The dispute was sparked in September when Mexico’s environment secretariat announced an emergency law to prohibit trawling in the reserve and restrict the types of gillnets allowed. The measures were intended to protect benthic habitat and reduce bycatch of endangered species, including the vaquita, an endemic species of porpoise. However, members of communities surrounding the reserve – almost entirely dependent upon shrimp fishing as a livelihood – viewed the law as a threat. Street protests by fishermen and their families began in October, and by mid-month had grown to include a blockade of the highway leading from the reserve area to the US border. At that point, federal police ordered the protesters to disperse, and Mexican environment officials began negotiations to resolve the crisis.

The agreement allows 130 trawlers from local communities to resume fishing in the reserve under certain conditions. (Gillnetters working in small pangas were never banned from the reserve.) Peggy Turk Boyer, executive director of CEDO, an NGO active in fisheries issues and located next to the reserve, said that although the compromise agreement might seem to be a setback for conservation goals, it was an improvement over the protection that had existed in the region just a few months earlier. Prior to the September regulation, for example, the entire Pacific fleet of Mexican trawlers – totaling 450 vessels – was allowed in the reserve. “It is clear that significant advances have been made,” she said.

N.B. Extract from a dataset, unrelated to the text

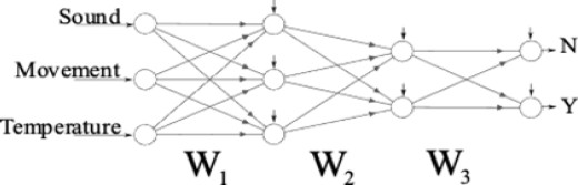 Data used to train and test an ANN were collected from its sensors: sound sensor, temperature sensor and motion sensor. Table 1 shows a summary of the type of output for each sensor.

The September restrictions marked an effort by SEMARNAT (Secretaria de Medio Ambiente y Recursos Naturales), Mexico’s environment secretariat, to strengthen protection of marine protected areas throughout the nation’s waters. Laws that took effect in 2000 restricting high-bycatch fisheries and seafloor destruction in MPAs have emboldened the agency. Silvia Manzanilla, an assistant on marine mammal issues at SEMARNAT, said that shrimp trawling is incompatible with habitat restoration and vaquita recovery in the Upper Gulf, and she would not rule out a total ban on trawling there in the future. “Environmental law in Mexico is only beginning to be taken into account,” said Manzanilla. “We are establishing our boundaries for the first time. Natural protected areas are under our jurisdiction and we will fight to ensure that environmental laws and regulations are respected.”